Oppure, in un momento discendente della loro carriera, cantare davanti a 60 discografici e giornalisti snob e annoiati, alloggiare in un hotel squallido per ex rockstar e far medicare il piede rotto in uno scatto d’ira (di Ben) da un dottore che fuma una sigaretta dopo l’altra. Motivi per amarla, a parte la voce? Il rigore, l’onestà e l’entusiasmo. Il suo timbro è malinconico, ma Tracey detesta le operazioni nostalgia.
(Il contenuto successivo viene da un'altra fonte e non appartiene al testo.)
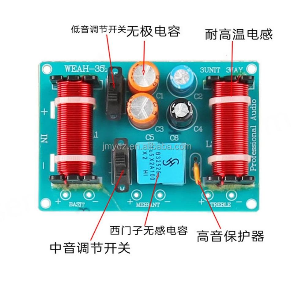 ตัวแบ่งความถี่สามทางสำหรับยานยนต์ ความถี่สูง กลาง และต่ำ ตัวแบ่งความถี่แบบปรับได้สี่ระดับ ระบบเสียงลำโพงรถยนต์ DIY 150W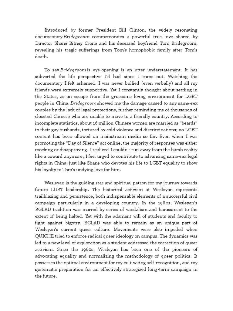 In particular, gay rights essay, along with the witches and heretics, the Holy Inquisition tortured homosexuals at the stake. Peter the Great tried to toughen the policy concerning sexual minorities, gay rights essay. Inthe ruler replaced the burning with corporal punishment and exile. However, gay rights essay, these norms did not apply to civilians. After the October Revolution, the situation changed radically. The acquisition of the governing role by the Bolshevik party drove gays and lesbians into the underground, gay rights essay.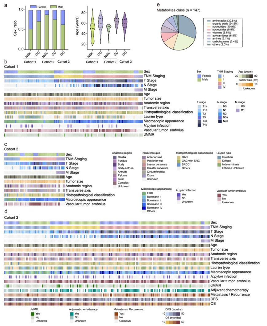 (a-d) 队列1-3受试者的临床特征。(e) 研究中检测到的代谢物的种类和比例。

Ha fatto eccezione per Patti Smith, una delle cantanti con cui condivide buona parte dell’estensione vocale, quando il 25 giugno 2005 è andata alla Royal Festival Hall per sentirla cantare dal vivo Horses: quando ha attaccato «Jesus died for somebody’s sins but not mine», Tracey è tornata adolescente nella sua cameretta dalla pareti arancioni, come se il vinile girasse ancora sotto la puntina del giradischi Dansette.

Solo lei ha scritto una canzone su un argomento troppo a lungo ignorato dal pop – la menopausa (Hormons) – e un’altra per i suoi idoli musicali: Terry Hall, Edwyn Collins e Siouxsie Sioux (Hands Up to the Ceiling). Entrambe, e molte altre, sono appena state raccolte in Solo: Songs and Collaborations 1982 – 2015, doppia antologia che abbraccia la sua carriera solista e le numerose collaborazioni.  Anche in questo caso, non manca il filo narrativo, che sta tutto nella prima parola, solo: in libera uscita dal lavoro regolare in duo, o seduta al posto guidatore, lei che non ha mai preso la patente.